Silverado musicians Mike Nadolson (guitar and vocals), Noel Taggart (mandolin and vocals), Kevin Gore (banjo and vocals) and Fred Wade (upright bass) bring this Celtic influenced, Appalachian offshoot of country music to Idyllwild. Silverado leader Nadolson is a recording artist and past bluegrass flatpicking and singing champion. He has been comfortably immersed in the bluegrass niche for over 30 years and called by Bluegrass Unlimited one of the finest singers to appear on the bluegrass music scene in recent years. Mandolin player Taggart, true to the fusion nature of bluegrass, brings a history of playing with bluegrass gospel groups. Bluegrass, a jazz and gospel influenced genre is not an old form, having grown in the 1940’s out of old country music. Bluegrass pioneer Bill Monroe characterized bluegrass as, “Scottish bagpipes and ole-time fiddlin’.

It’s Methodist and Holiness and Baptist. It’s blues and jazz, and it has a high lonesome [vocal] sound.”

As part of that desire to integrate the town center with the primary festival venue at the Nature Center on Highway 243, organizers are offering sponsorships beginning at $25 to local businesses. Participating businesses will be listed in festival promotional literature as sponsors. For every $10 spent at local participating businesses, customers would receive a ticket for a drawing for one of three gift baskets to be awarded during the festival. “We want them [the gift baskets] to be substantial,” said local businessman and festival organizer Bryan Tallent, “ with inn stays, vacation and restaurant and merchant offerings.”

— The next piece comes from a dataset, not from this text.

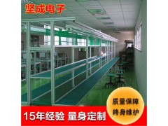 装配流水线可分为顶配照明风扇装配线及无顶装配线,装配线运行速度可依据作业工人的技能熟练进行调节,气源供应节头配备于每工位。

Festival organizers are repeating what had made the festival successful in prior years — guided botanist-lead walking tours and hikes, opportunities to view lemon lilies growing along local stream beds, pioneer town arts and crafts, a Rotary pancake breakfast, an American Legion BBQ, a Friday evening July 20 “Taste of Idyllwild” featuring food and treats from local restaurants, and music, music and more music.

The in-town bluegrass event, on the street between the Fort and Jo’An’s Restaurant, might revive memories, for those who were here then, of Idyllwild’s 1970’s era Bluegrass Festival. The Idyllwild festival, which ran from 1974 to 1979, was at the time the only such festival in Southern California.

In addition to providing some high-energy musical entertainment for Lemon Lily Festival patrons, this inaugural free evening of bluegrass music is designed to bring festival attendees back to Idyllwild’s town center to eat, drink, twirl, stomp and dance in Idyllwild’s warm evening summer air. “We want this first bluegrass music event to set the precedent for next year,” said Tallent. “We want the appearance to be right, nice without being overdone.”

Local artists are being sought to create festival banners, hung from stanchions throughout the town. Each unique creation will be auctioned at the end of the festival as will this year’s Lemon Lily Quilt, the centerpiece of the final evening’s auction and festivities. As in year’s past, organizers intend to promote the festival at other flower festivals prior to festival dates. The Idyllwild Garden Club is also pitching in to add yellow themed flower tubs and baskets throughout town during the festival.